[Dataset records]
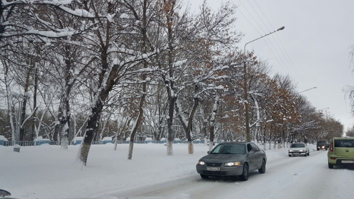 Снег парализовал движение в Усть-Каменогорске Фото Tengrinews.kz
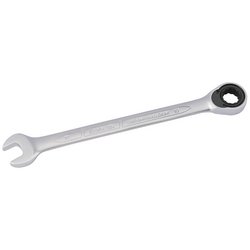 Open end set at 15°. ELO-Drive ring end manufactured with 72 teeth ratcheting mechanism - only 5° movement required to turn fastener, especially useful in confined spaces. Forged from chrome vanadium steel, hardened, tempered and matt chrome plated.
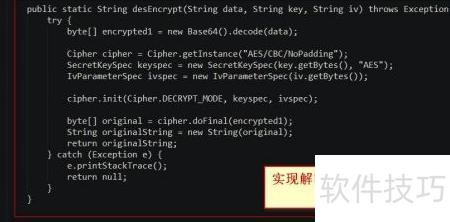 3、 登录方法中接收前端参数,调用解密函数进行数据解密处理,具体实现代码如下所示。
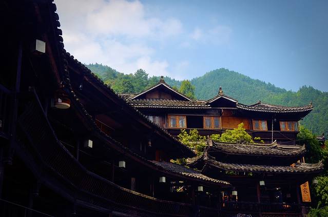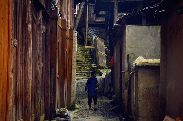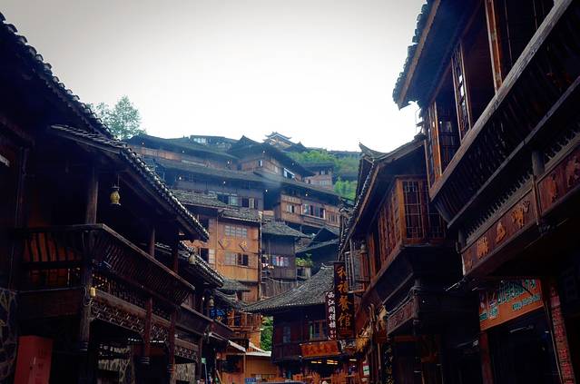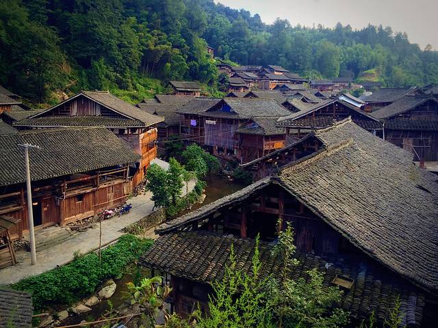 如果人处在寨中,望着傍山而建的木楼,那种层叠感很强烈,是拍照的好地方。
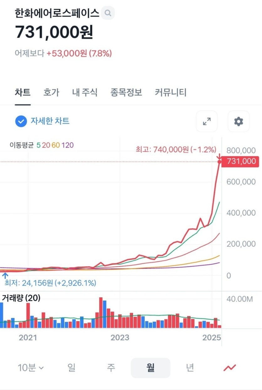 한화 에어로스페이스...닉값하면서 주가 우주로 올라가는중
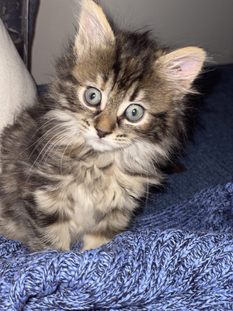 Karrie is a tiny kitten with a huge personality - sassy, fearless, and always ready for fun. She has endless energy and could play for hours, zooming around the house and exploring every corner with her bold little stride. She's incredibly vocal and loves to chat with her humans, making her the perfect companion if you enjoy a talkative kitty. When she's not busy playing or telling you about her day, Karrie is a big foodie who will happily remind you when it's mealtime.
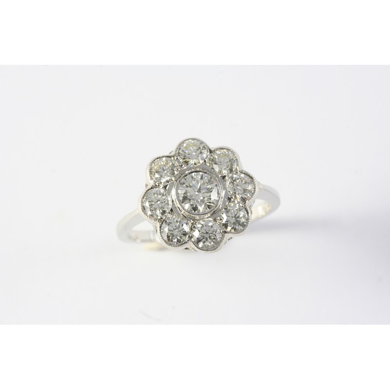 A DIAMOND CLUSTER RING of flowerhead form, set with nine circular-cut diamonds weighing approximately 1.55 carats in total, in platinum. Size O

- [Your instructions]: Word for word, copy out each record; do not include pictures.

- [Exercise response]:
 Снег парализовал движение в Усть-Каменогорске Фото Tengrinews.kz
 Open end set at 15°. ELO-Drive ring end manufactured with 72 teeth ratcheting mechanism - only 5° movement required to turn fastener, especially useful in confined spaces. Forged from chrome vanadium steel, hardened, tempered and matt chrome plated.
 3、 登录方法中接收前端参数,调用解密函数进行数据解密处理,具体实现代码如下所示。
 如果人处在寨中,望着傍山而建的木楼,那种层叠感很强烈,是拍照的好地方。
 한화 에어로스페이스...닉값하면서 주가 우주로 올라가는중
 Karrie is a tiny kitten with a huge personality - sassy, fearless, and always ready for fun. She has endless energy and could play for hours, zooming around the house and exploring every corner with her bold little stride. She's incredibly vocal and loves to chat with her humans, making her the perfect companion if you enjoy a talkative kitty. When she's not busy playing or telling you about her day, Karrie is a big foodie who will happily remind you when it's mealtime.
 A DIAMOND CLUSTER RING of flowerhead form, set with nine circular-cut diamonds weighing approximately 1.55 carats in total, in platinum. Size O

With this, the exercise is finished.